С огромным облегчением я принялся стряхивать с себя налипший песок, натужно посмеиваясь над своим страхом и, неизвестно для какой рожи на этом пустынном пляже, делая вид, что со мной все в порядке и ничего особенного не произошло. Но тут мои нервишки не выдержали, и я изо всех сил рванул к космолету, да так, что пятки засверкали, разбрасывая струйки песка не хуже пескоструйной машинки, предназначенной для разработки открытых месторождений разной полезной ерунды. Тут мне уже было не до размышлений о том, что случилось с плотом, комбезом, излучателем и Умником. Умника было жаль… Хороший был парнишка, хоть и железяка в натуре.

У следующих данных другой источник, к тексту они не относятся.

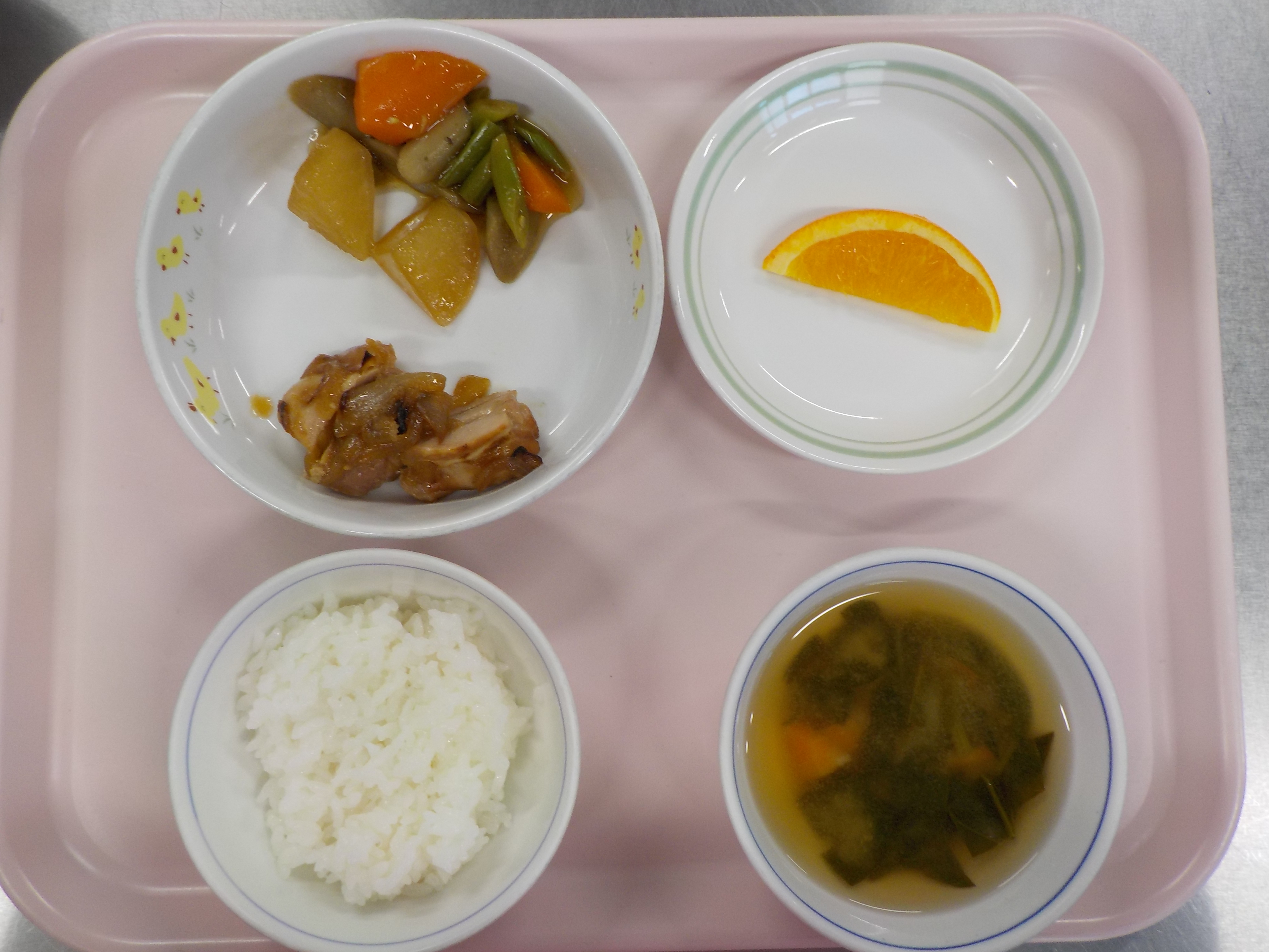 ・ご飯・鶏の生姜焼き・煮物・味噌汁・オレンジ

Я уже прочесал половину пути до травяного газона, когда до меня снова донесся шорох, тот самый, что я слышал перед уходом на корабле, но многократно усиленный.
Я резко вскинул голову, и как раз в этот момент пневмопалатка решила истаять серым туманным облачком, которое на мгновенье зависло над травой, а затем, устав бороться с гравитационным притяжением, мягко осыпалось вниз, в траву, канув в нее без следа… Взгляд метнулся вправо, к космолету. А затем… А затем моя грудь исторгла дикий вопль, огласивший окрестности не хуже заполошной сирены пожарной машины. Если бы кто-то в этот момент врезал бы мне увесистой дубинкой по затылку, то ощущение, посетившее меня при взгляде на открывшееся зрелище, было бы схожее.
Ноги на скорости зарылись в траву, я встал, как вкопанный, едва не кувыркнувшись по инерции через голову, в которой осталась только одна фраза: «мать вашу», которая и вертелась в ней наподобие молитвы.
Мать вашу, мать вашу, мать вашу…
Очертания космолета менялись на глазах. Он как-то стремительно поблек, заколебался, словно мираж в пустыне, и… стал оседать. Сначала рассыпались верхние надстройки, стекли ручейками серой пыли по потерявшей блеск обшивке, потом пришел черед самого корпуса. Мать вашу. Обнажились и рухнули ребра отсеков, в прах рассыпалась рубка, осели дюзы. Вашу мать. Космолет развалился как песочный домик под порывом ветра. От него остался лишь внушительный холм проклятой серой пыли.
Я стоял, словно выпотрошенный. В голове продолжала крутиться бессмысленная фраза, словно весь мой разговорный лексикон урезался до двух слов. Вашу мать.
Наконец дар речи вернулся, и я принялся в разных вариантах прокручивать мысль о том, что только что получил билет пожизненного одиночества… причем доживать придется на чужой, незнакомой планете… Если в следующую секунду сам не превращусь в кучку серой пыли. В любом случае, отлетался. Машу вать. Тьфу, зараза!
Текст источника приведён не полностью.